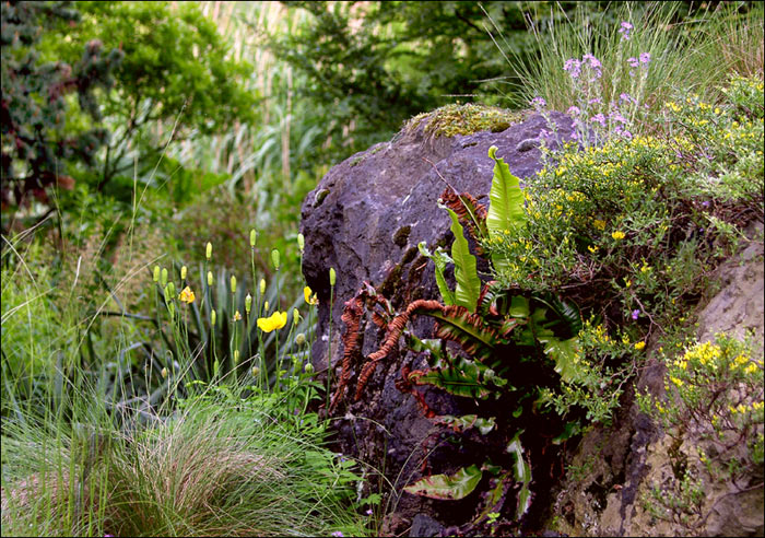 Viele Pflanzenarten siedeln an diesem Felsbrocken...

--

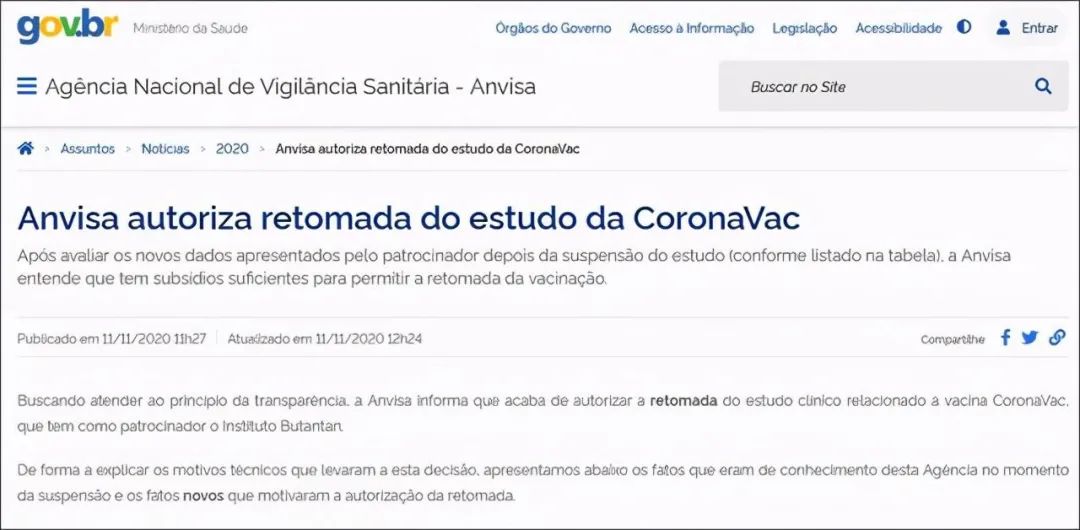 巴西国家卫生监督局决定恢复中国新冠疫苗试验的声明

...

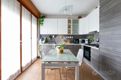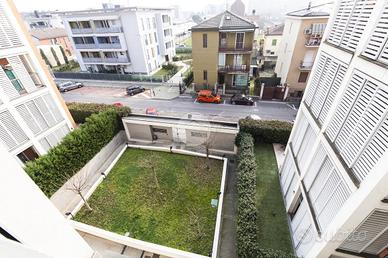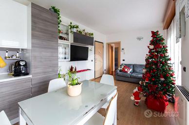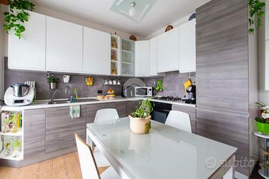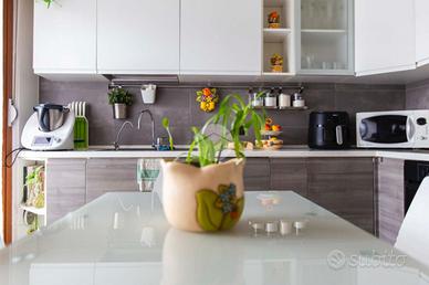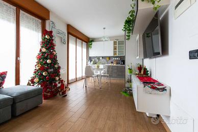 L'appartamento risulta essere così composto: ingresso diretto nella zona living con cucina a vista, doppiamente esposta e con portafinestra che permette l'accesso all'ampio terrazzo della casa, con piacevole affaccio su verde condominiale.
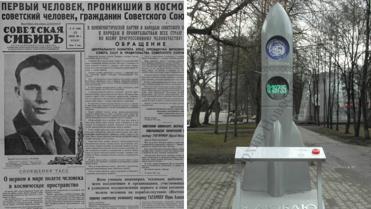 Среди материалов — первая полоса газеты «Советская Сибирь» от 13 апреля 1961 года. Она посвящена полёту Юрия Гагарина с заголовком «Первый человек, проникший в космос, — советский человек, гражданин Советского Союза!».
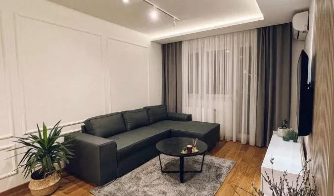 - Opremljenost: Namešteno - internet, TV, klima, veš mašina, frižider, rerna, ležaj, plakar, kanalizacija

What the exercise asks: In the material above, one part opens with the line containing "L'appartamento risulta essere" and closes with the line containing "- Opremljenost: Namešteno". Write out that part exactly and skip its pictures.

Your solution:
 L'appartamento risulta essere così composto: ingresso diretto nella zona living con cucina a vista, doppiamente esposta e con portafinestra che permette l'accesso all'ampio terrazzo della casa, con piacevole affaccio su verde condominiale.
 Среди материалов — первая полоса газеты «Советская Сибирь» от 13 апреля 1961 года. Она посвящена полёту Юрия Гагарина с заголовком «Первый человек, проникший в космос, — советский человек, гражданин Советского Союза!».
 - Opremljenost: Namešteno - internet, TV, klima, veš mašina, frižider, rerna, ležaj, plakar, kanalizacija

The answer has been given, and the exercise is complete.